Not only would this enhance the growing patriotic constituency, it would provide much-needed time to develop adequate resources, unity, tactics, and leadership. Of vital importance to this process is the level of Liberal bigotry and demonization, state surveillance, and suppressive acts against nationalists. It is reasonable to assume that such tendencies would be considerably less intense and systematic under Republicans.
Even if the latter opportunistically react down the line to growing nationalist support by endeavoring to co-opt patriotic movement supporters by altering some policies (e.g., immigration or affirmative action), this would reorient the country away from multiculturalism and globalism. Violent reactive Leftist protests, in turn, might provide new opportunities to strengthen the patriotic movement's legitimacy and appeal.

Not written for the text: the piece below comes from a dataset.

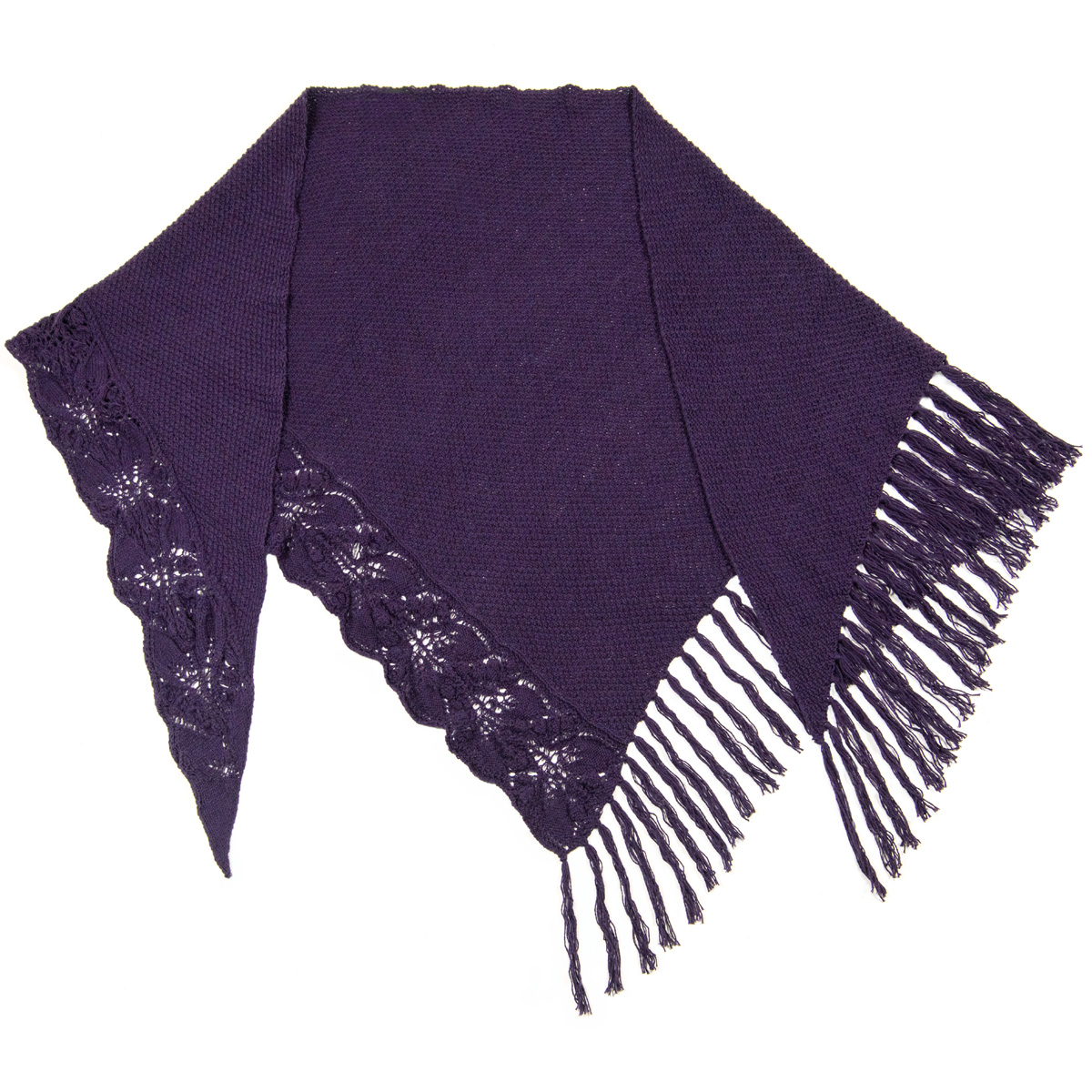 Lana Grossa Cashmere Love (50% Kaschmir, 50% Baumwolle, Lauflänge 112 m/25 g), 14a: 450 g Nougat (Fb 1), 14b: 300 g Aubergine (Fb 5); 1 Rundstricknadel Nr. 3,5, 100 cm lang, 1 Häkelnadel Nr. 4 zum Einziehen der Fransen.

At worst, a belated Republican shift toward greater suppression will be as half-hearted as the party's recent de facto acquiescence to affirmative action and cultural deconstructionism. By then nationalists presumably will be stronger and more effective in resisting even pervasive attempts to fragment and intimidate the movement. Further, many nationalist-inclined conservative Republicans and their supporters who oppose such measures may defect or at least decline to actively support them.
Despite the plausibility of this scenario, it is also conceivable that continued Republican hegemony under any of the circumstances identified earlier might be perceived to reduce the urgency of nationalist movement expansion. Certainly a Liberal Democratic national victory in two or four years would catalyze intense desperation and activism. Yet the denouement of militant Liberal state and media hegemony in the short-run is likely to be pervasive suppression, this following another 'Waco' or 'Tulsa.' Infiltration and provocation have been historically employed by the Left to provide pre-emptive pretexts. Hence the 'future' of a weakened patriotic movement might well be wholly underground given such circumstances.
A tentative conclusion then is that while most Republicans now do not deserve nationalist support in the absence of at least a major shift on immigration and affirmative action policies, nevertheless patriots will benefit from a more benign movement-building environment and therefore long-term prospects under that party's national dominance. Counter-intuitively, then, it probably does matter whether left-inspired Liberal Democrats replace them in the short-run. More problematic, however, is the likelihood of such an eventuality.